Не могли мы знать тогда, что впереди – нежданные обстоятельства, которые безмерно осложнят работу; что из темных углов будут следить за нашей работой, за рейтингом писателя и его произведения, и произойдет нечто подобное рейдерскому захвату в криминальном рыночном мире, и что оно со временем перерастет в масштабные, хорошо организованные преступные дела на разных уровнях по всей этнической Бурятии.

Запомнилось заседание отдела литературоведения, на котором утверждалась тема моей диссертационной работы «Исторический роман в литературе Бурятии».

Выслушав обоснование темы, заведовавший тогда отделом Александр Бадмаевич Соктоев произнес: «Бурят (т.е.

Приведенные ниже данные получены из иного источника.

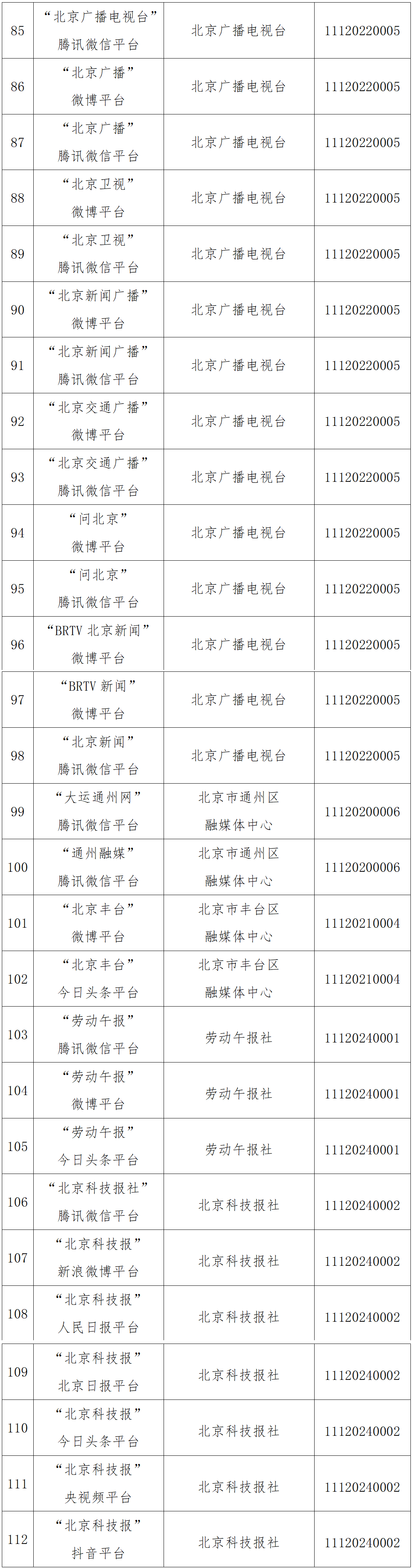 截至2024年9月27日,由北京市互联网信息办公室批准的互联网新闻信息服务单位共30家,分别是:北京日报社、北京青年报网际传播技术有限公司、北京千龙新闻网络传播有限责任公司、中共北京市委前线杂志社、新京报社、北京青年报社、北京广播电视台、北京广播集团有限公司、北京新媒体(集团)有限公司、北京商报社有限公司、京报移动传媒有限公司、北京市海淀区融媒体中心、北京市昌平区融媒体中心、北京市门头沟区融媒体中心、北京市朝阳区融媒体中心、北京市通州区融媒体中心、北京市密云区融媒体中心、北京市怀柔区融媒体中心、北京市大兴区融媒体中心、北京市延庆区融媒体中心、北京市平谷区融媒体中心、北京市石景山区融媒体中心、北京市房山区融媒体中心、北京市丰台区融媒体中心、北京市顺义区融媒体中心、尚亦城(北京)科技文化集团有限公司(北京经济技术开发区融媒体中心)、北京市东城区融媒体中心、北京市西城区融媒体中心、劳动午报社、北京科技报社,均获得采编发布服务许可。具体服务形式包括:互联网站18个,应用程序25个,公众账号112个,共155个服务项。

Васильева) будет писать о монголе, да еще о каком… (т.е. о Чингис-хане)… Как Москва отнесется к вам… Ой, не знаю, не знаю»…

Светлой памяти Александр Бадмаевич только из добрых пробуждений пытался оградить, предостеречь нас от возможных проблем. Время было такое. Середина 70-х годов двадцатого века. В отделе стояло тягостное молчание. Утверждение прошло автоматически, по принципу «Поступайте, как знаете. В случае чего, проблемы – ваши»… Полагались на ответственность научного руководителя, Василия Цыреновича.

Зайдя в кабинет после заседания к Василию Цыреновичу, я застала его расстроенным: в отделе не было поддержки. Мы были одиноки. Все боялись нас и за нас.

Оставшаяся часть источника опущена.